# Differentiable Modeling of Percussive Audio with Transient and Spectral Synthesis

Jordie Shier, Franco Caspe, Andrew Robertson, Mark Sandler, Charalampos Saitis, and Andrew McPherson

### Abstract

## Audio Results

Here we share resynthesis results from our method on a selection of acoustic and electronic drum set sounds from our test set. \(Y\) is the ground truth audio target, \(S\) is sinudoial only using sinusoidal modeling, \(S + N\) is sines plus noise with a learned noise encoder and generator, and \(T(S) + N\) uses the learned transient encoder and modulated TCN network conditioned with a sinusoidal input and noise is summed at the ouput.

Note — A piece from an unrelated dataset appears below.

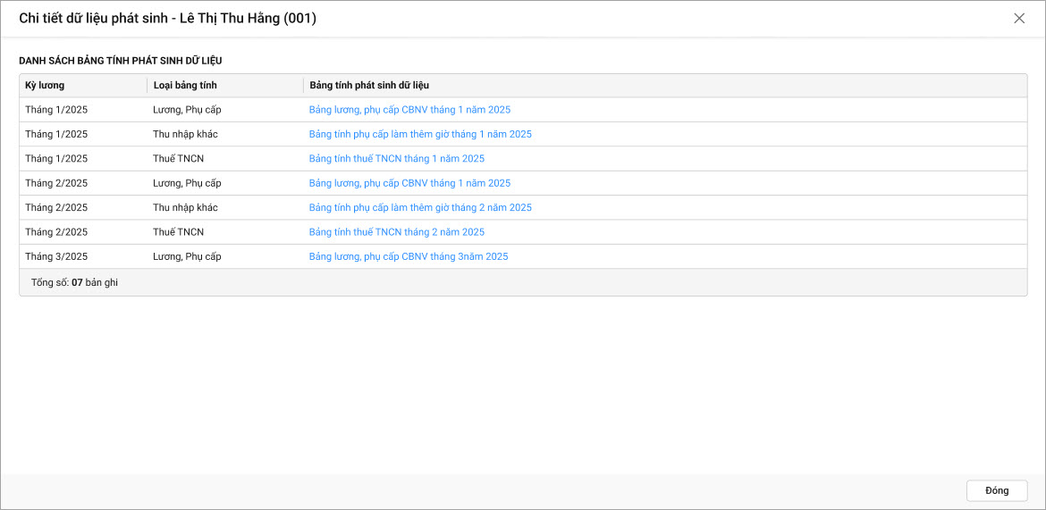 • Nếu anh/chị bấm xem chi tiết, phần mềm sẽ hiển thị danh sách các bảng tính có dữ liệu liên quan đến CBNV đó.

Target | \(Y\) | \(S\) | \(S + N\) | \(T(S) + N\) |
---|---|---|---|---|

Acoustic Kick | ||||

Acoustic Snare | ||||

Acoustic Tom | ||||

Acoustic Hihat | ||||

Acoustic Crash | ||||

Electronic Kick | ||||

Electronic Snare | ||||

Electronic Tom | ||||

Electronic Hihat | ||||

Electronic Crash |

## Transient TCN Configuration

Our transient reconstruction temporal convolution network (TCN) \(T()\) is based on the TCN by Christian Steinmetz and Joshua Reiss for modelling the LA2A compressor [1]. However, we use an increasing dilation rate of factor two instead of ten as we aren’t as interested in modeling long-term temporal dependecies. The details of the model are outlined in the figure below.

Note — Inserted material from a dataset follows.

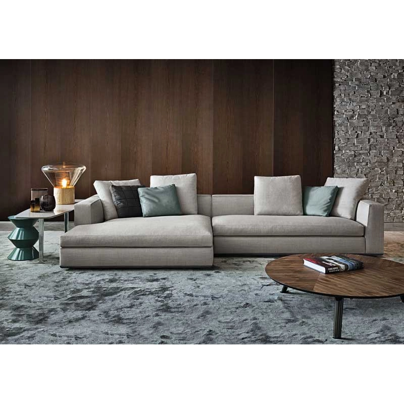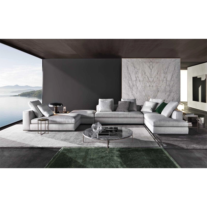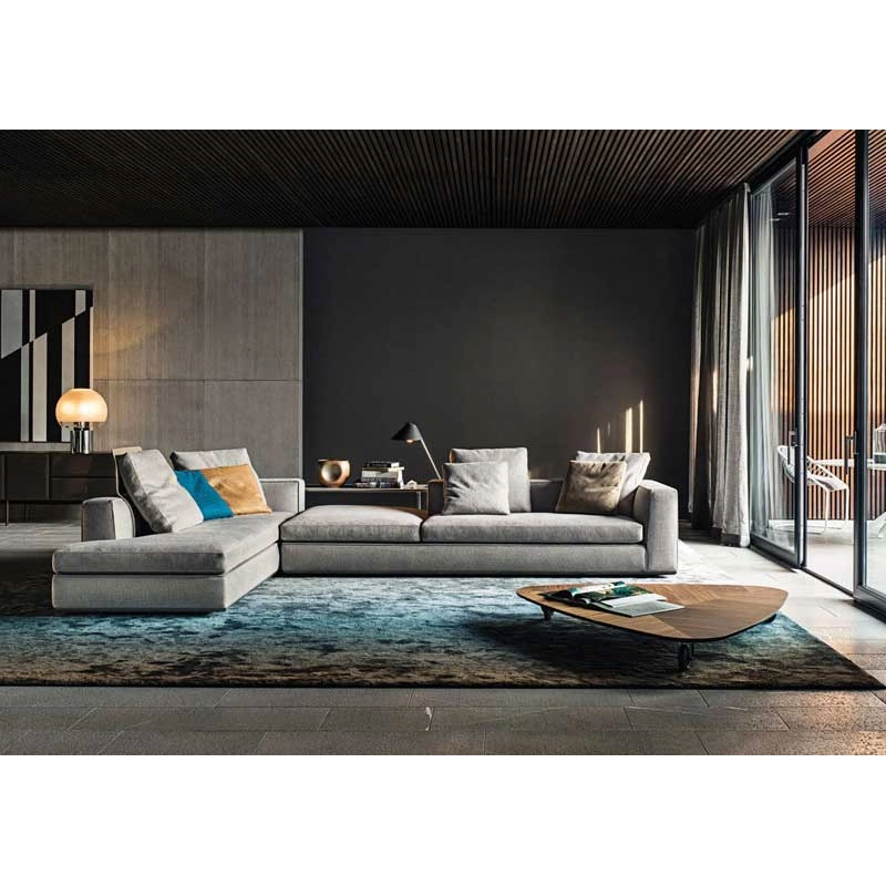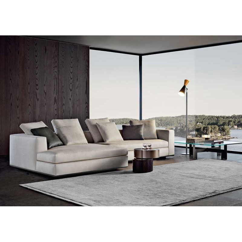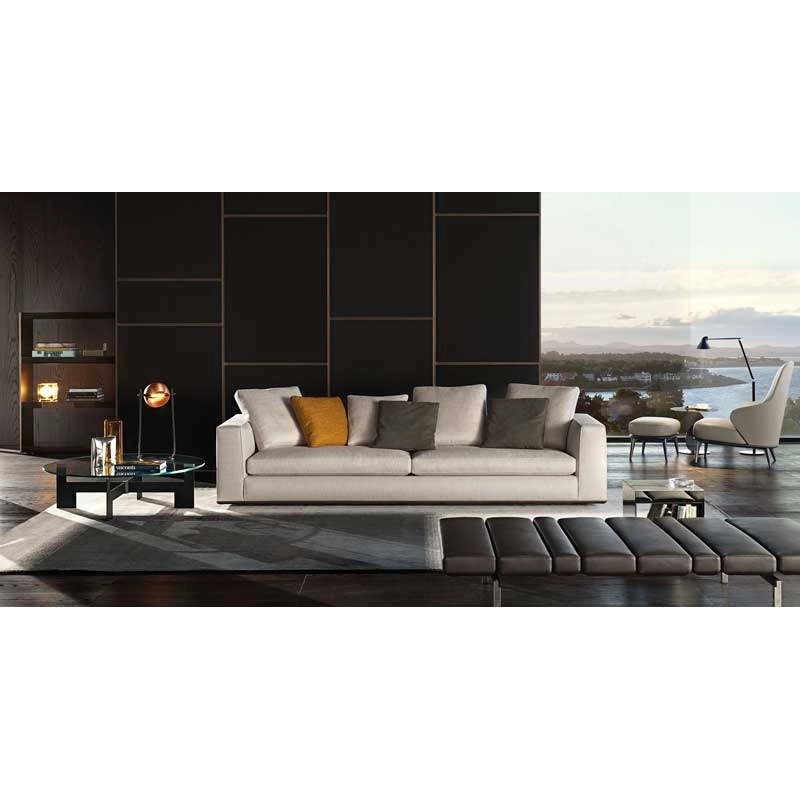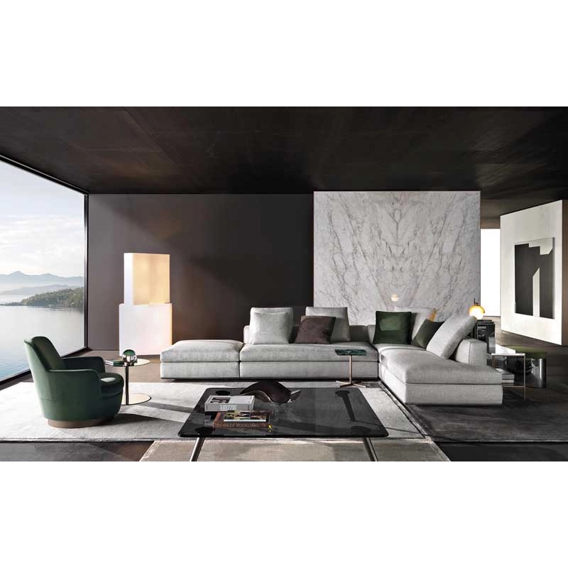 Powell, ou la quintessence du canapé contemporain selon Minotti : accueillant, raffiné et en même temps informel. Ce système de sièges comprend des canapés fixes et composables, conçus pour satisfaire une naturelle envie de relaxation. L’équilibre subtil des proportions, l’exercice de haute couture, chaque détail de Powell peut être rapporté à ce style qui appartient désormais à l’identité de la marque Minotti. La base en aluminium est un détail qui ne peut passer inaperçu surtout parce qu’elle est laquée dans une série de couleurs exclusives – Sable, Céladon, Prune, Granit et Étain – qui ouvrent à des possibilités d’associations chromatiques originales avec les tissus choisis pour le revêtement. Le canapé apparaît légèrement soulevé du sol, donnant la sensation d’être suspendu. L’élégance détendue du projet Powell s’exprime dans la simplicité de ses lignes et s’exalte dans sa confection méticuleuse, utilisant des rembourrages en plume d’oie tant pour le coussin unique de l’assise que pour ceux du dossier, avec un résultat de grand confort qui s’accommodera dans tous types d'intérieur.

The input to the TCN is an audio waveform \(x\). An input projection layer maps this input to 32 output channels \(c_{out}\). All intermediate TCN operations use 32 hidden channels. There are 8 dilated TCN blocks (i.e., 8 layers). Each dilated TCN block comprises a causal pad which ensures the output \(h_{l}\) of the convolution at the current layer has the same length as the input to that layer \(h_{l-1}\). The main temporal convolution at each layer uses a kernel size of \(k=13\) and a dilation equal to \(2^l\) where \(l\) is the layer number. The output is modulated via an affine transform in a feature-wise linear modulation (FiLM) [2] block. Scale and shift parameters for the affine transformation are learned independently for each layer \(l\) using a linear projection. A gaussian error linear unit (GELU) acivation is applied before mixing with the residual. Finally, an output projection convolutional layer maps back to a single channel, the ouput of which is \(\hat{y}\).

## Speed Tests

To evaluate the computational efficiency of our synthesis method we tested the rendering speed of various components using different frame sizes. While achieving real-time performance was not a goal of this work, future work includes investigating how these components might be incorporated into a real-time performance system.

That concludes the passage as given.